Many small businesses reach a point where they would benefit from some extra capital to get them through growing pains more effectively, from staffing and HR hurdles to inventory and cash flow limitations. Deciding which option is the smartest financial move for you can be challenging and requires careful consideration. Should you borrow money that you must pay back with interest? Should you look to secure funding from small business investors via equity financing that will, at least temporarily, have a small stake in your company?
Choosing Between Debt Financing and Small Business Investors
Let’s take a quick look at the main differences between debt and equity financing. Debt financing can be a simple arrangement where you can quickly receive the money you need, and you will be responsible for paying the principal of the loan with interest by an agreed upon date. Whether your business fails or succeeds, you retain this responsibility. Equity financing involves sharing a percentage of your profits for a predetermined amount of time as well as potentially handing over a piece of ownership and some decision-making power in your business. Keep in mind whatever you give up in equity ownership is usually made up by what small business investors bring to the table like experience, connections and wisdom. At least, that’s a good reminder that the discussion and discovery process is as important for the SMB owners to evaluate the investors as it is vice versa. Sure, if your business succeeds the investors will have a share of the profits. However, if your business fails, they will lose their investment, while you the business owner are not indebted.
Questions and Considerations:
Here are the five questions and considerations to help guide your decision:
- Are you an established business with excellent credit?:
If your credit-worthiness is an issue, you may have difficulty securing a loan without paying an exceptionally high interest rate as well as additional fees.

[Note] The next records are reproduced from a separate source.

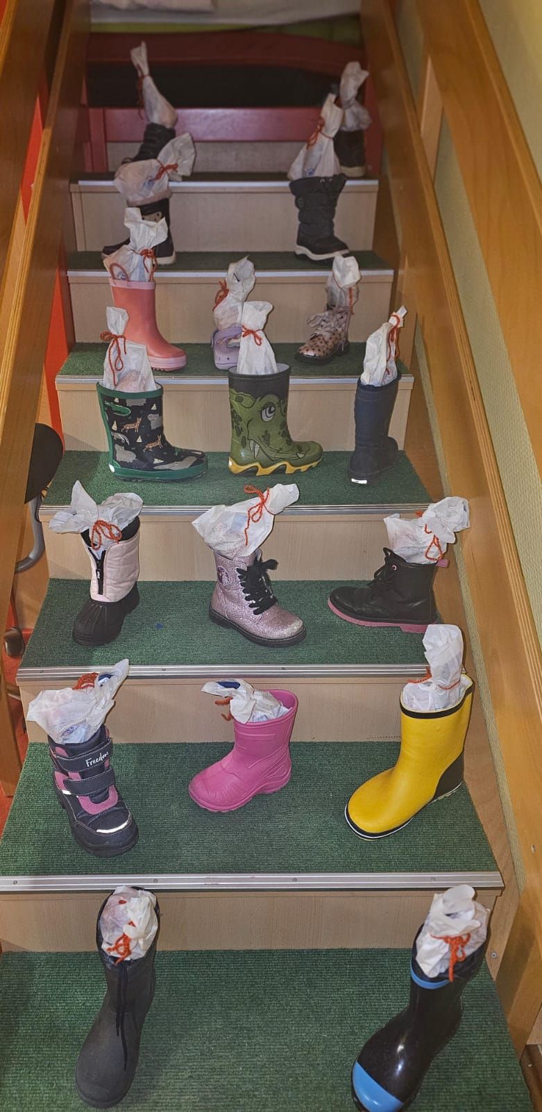 …natürlich, die fleißig geputzten Schuhe waren gefüllt. Mit leuchtenden Kinderaugen wurden die Stiefel betrachtet und das ein oder andere Schokoladenstück gekostet. Teilweise hatten sogar die Eltern an der Nikolausüberraschung mitgewirkt.
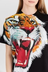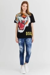 DSQUARED2 Czarny t-shirt damski z tygrysem
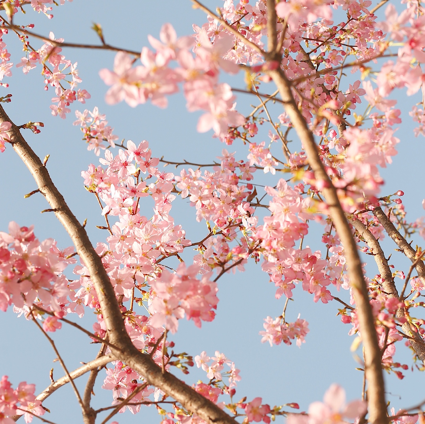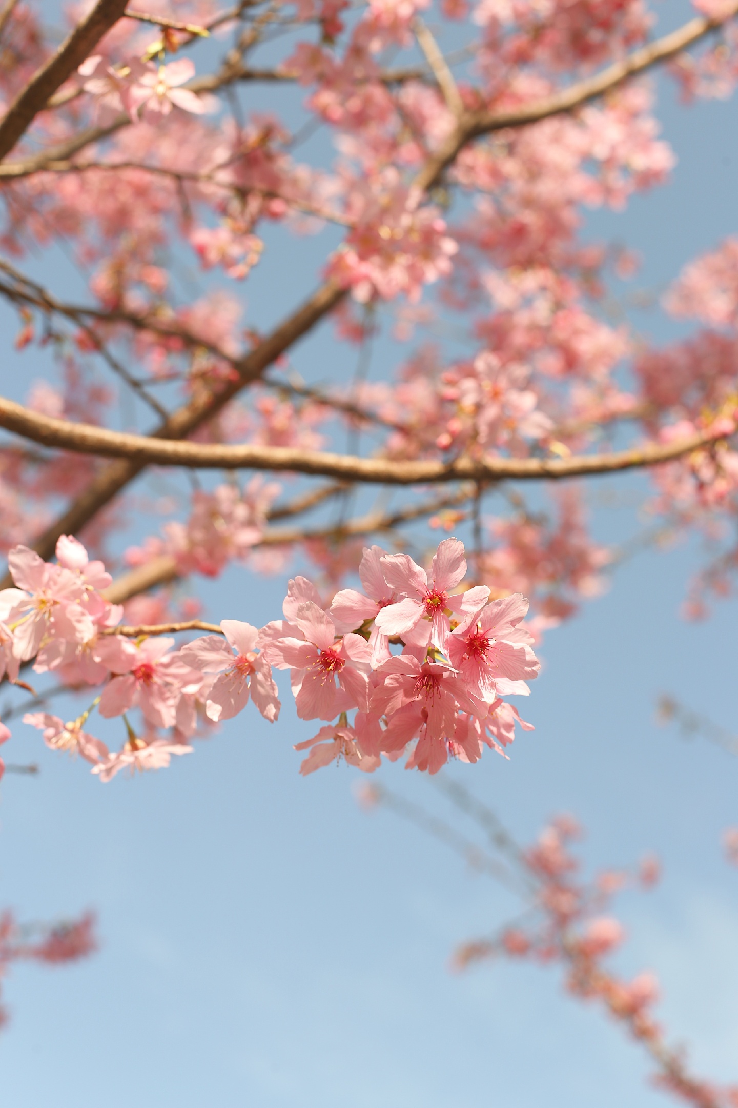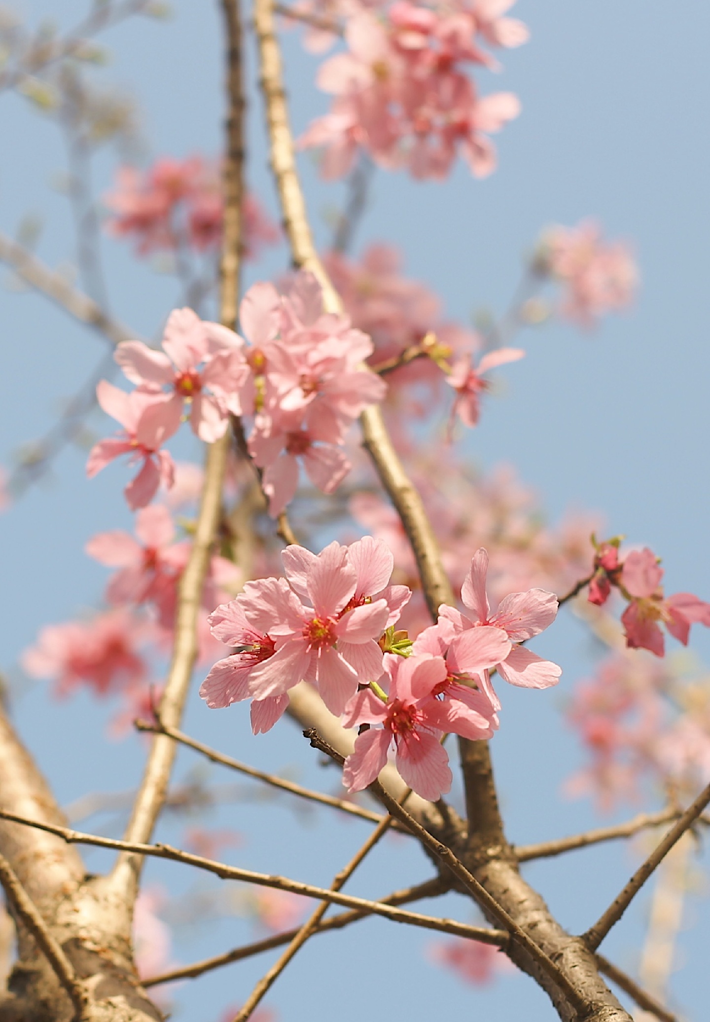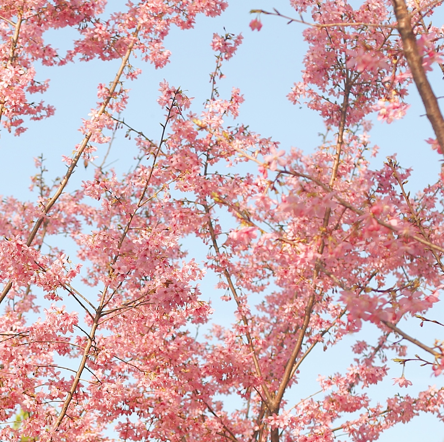 在十八罗汉山北门往前走几百米,就能够看到樱花园。最近天气比较暖,本应4月才开的樱花,现在开的正灿烂。
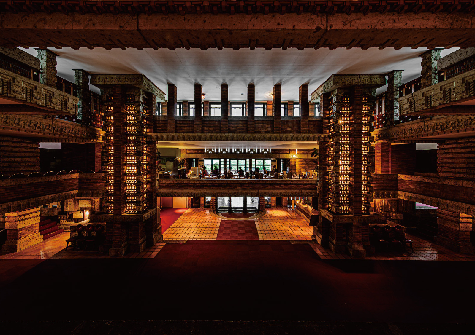 移築されたのはほんの一部だが、その迫力はご覧の通り。3階まである吹き抜けの大空間には、計算し尽くされた光が柔らかく降り注ぎ、特に愛知県常滑で焼かれたテラコッタと、栃木県の大谷石で作った「光の籠柱」は息を吞む美しさ。建物内外の、至るところに幾何学的な模様の彫刻を施すなど、一切の妥協を許さず、細部まで贅を尽くした空間に立てば、かつて海外から多くの賓客を受け入れ、隆盛を誇っていた当時の空気感までもが伝わってくるようだ。
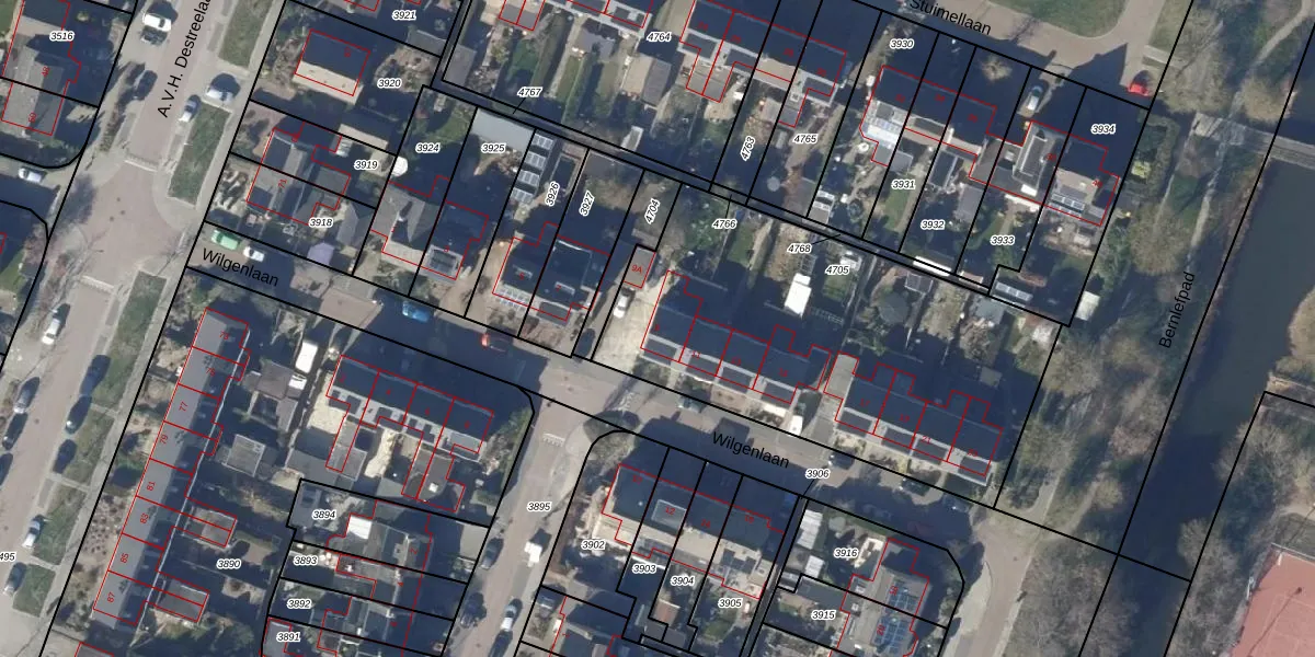 Wilgenlaan 9 is gelegen op kadastraal perceel PCS00A4705. Deze kadastrale aanduiding is uniek en wordt gebruikt door het Kadaster om eigendomsrechten en andere zakelijke rechten vast te leggen. Het perceel maakt onderdeel uit van de kadastrale gemeente Sint Pancras.
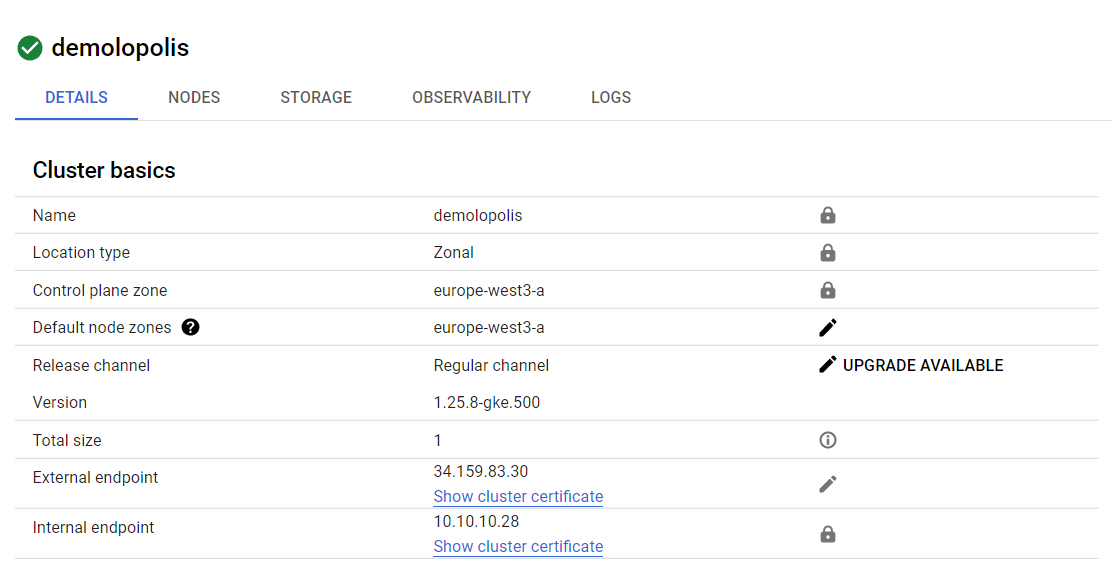 gcloud container clusters get-credentials demolopolis --region europe-west3-a
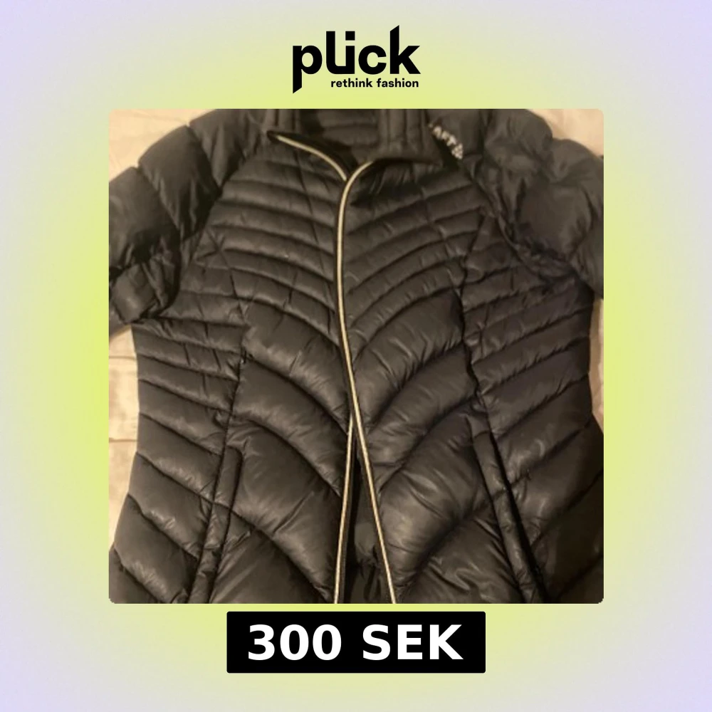 Säljer en svart dunjacka från Craft i storlek M. Jackan har snygg quiltad design, dragkedja framtill och långärmade ärmar. Perfekt för kyliga dagar och har en sportig look med diskreta detaljer.
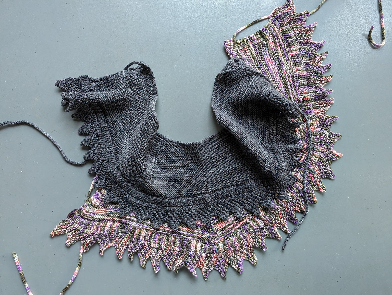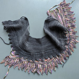 裾の模様編みを先に編みます。レース部分が完成したら横から目を拾いボトムアップで減目しながら襟元に向かって編んでいきます。本体を編み終えたら目を休め、I-cordを作り本体と編み付けて本体の襟部分をI-cord Bind-offをし、再びI-cordを編みます。
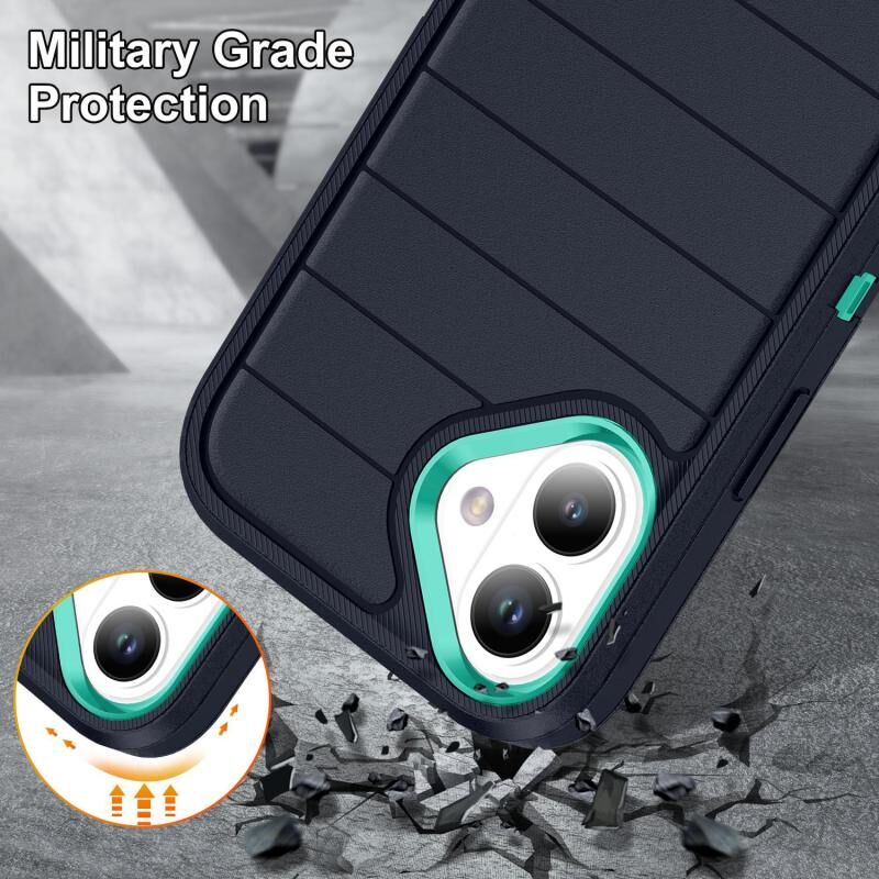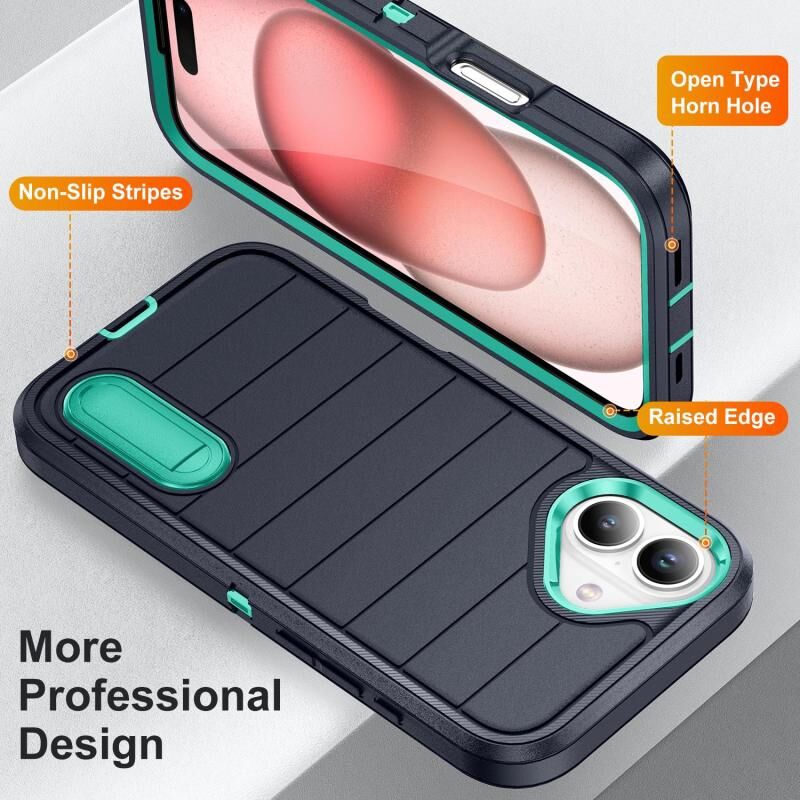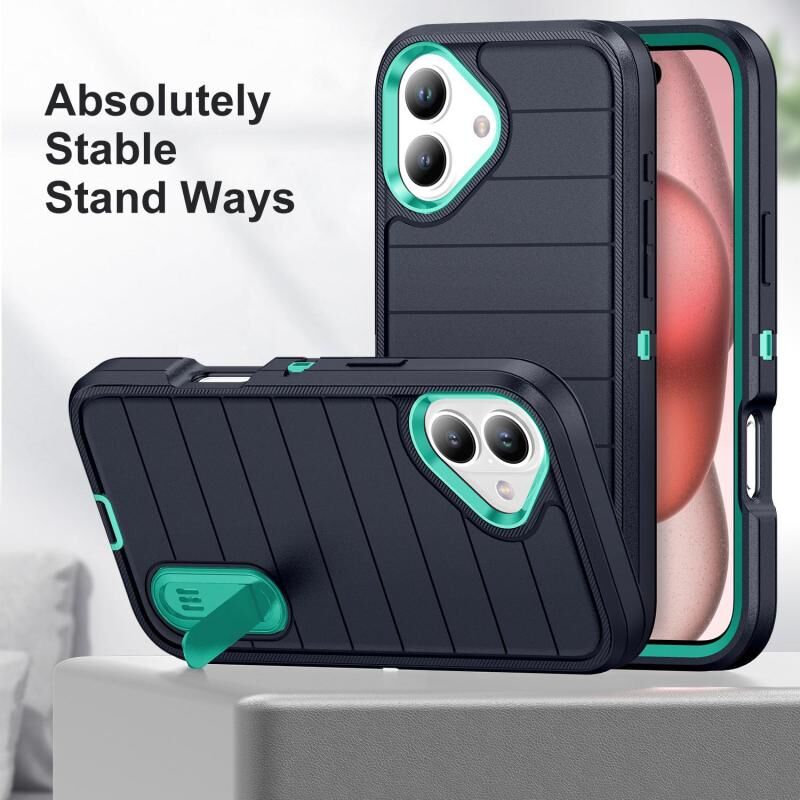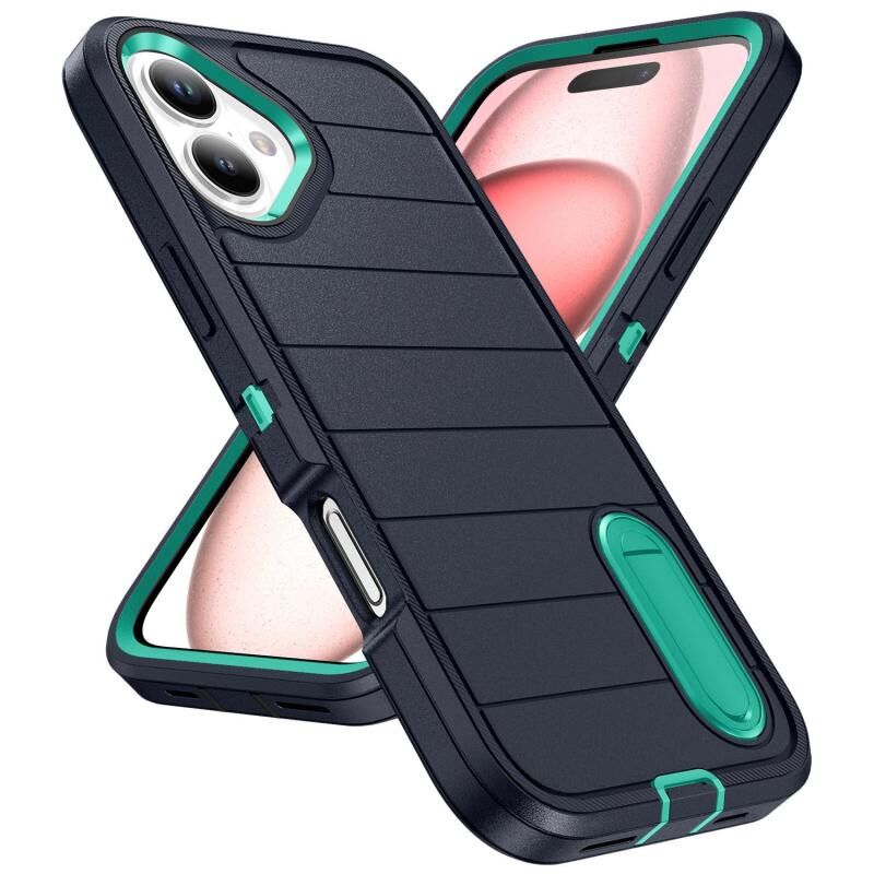 For iPhone 16 Defender Gen2 Rugged PC + Silicone Phone Case with Holder(Dark Blue+Cyan)

In this case, looking for small business investors to provide equity-based financing may be a better option for you.
- Are you comfortable with sharing some decision-making power in your business?:
If you are adamantly opposed to sharing any control of your business operations and management, you may want to stick with a loan. But if you think your business could benefit from the leadership and experience offered by an equity partner, and you are comfortable sharing control, partnering with small business investors could be the first step in generating new growth for your business.
- Do you need financing right away or do you have time?:
If you need immediate access to cash, you should choose debt financing. Some business loans can be set up in a matter of days or even hours. Finding the right small business investors is a process that should definitely not be rushed.
- How much capital do you need to raise?:
If you need to raise a large amount of money, your best option is probably to leverage equity. Small business investors tend to be better suited to provide substantial investments of capital, while banks maybe be wary of loaning large sums of money.
- Are you interested in more than raising capital?:
In addition to securing funds, are you also interested in gaining access to professional contacts, expertise, wisdom and leadership? If you are interested in mentorship or guidance, partnering with the right small business investors lets you tap into a wealth of knowledge, which can make a huge difference in the long-term success of your business. If your only interest, however, is in getting an influx of cash, then debt financing may be the right choice for your business.
There are many deciding factors to consider when you are choosing the best financing options for your small business. How do you determine what’s right for you? The choice may be complicated, but it doesn’t have to be difficult. The decision process is different for every business, but if you carefully examine each option in context with your business’ needs, you’ll soon be on your way to making the right financial decision.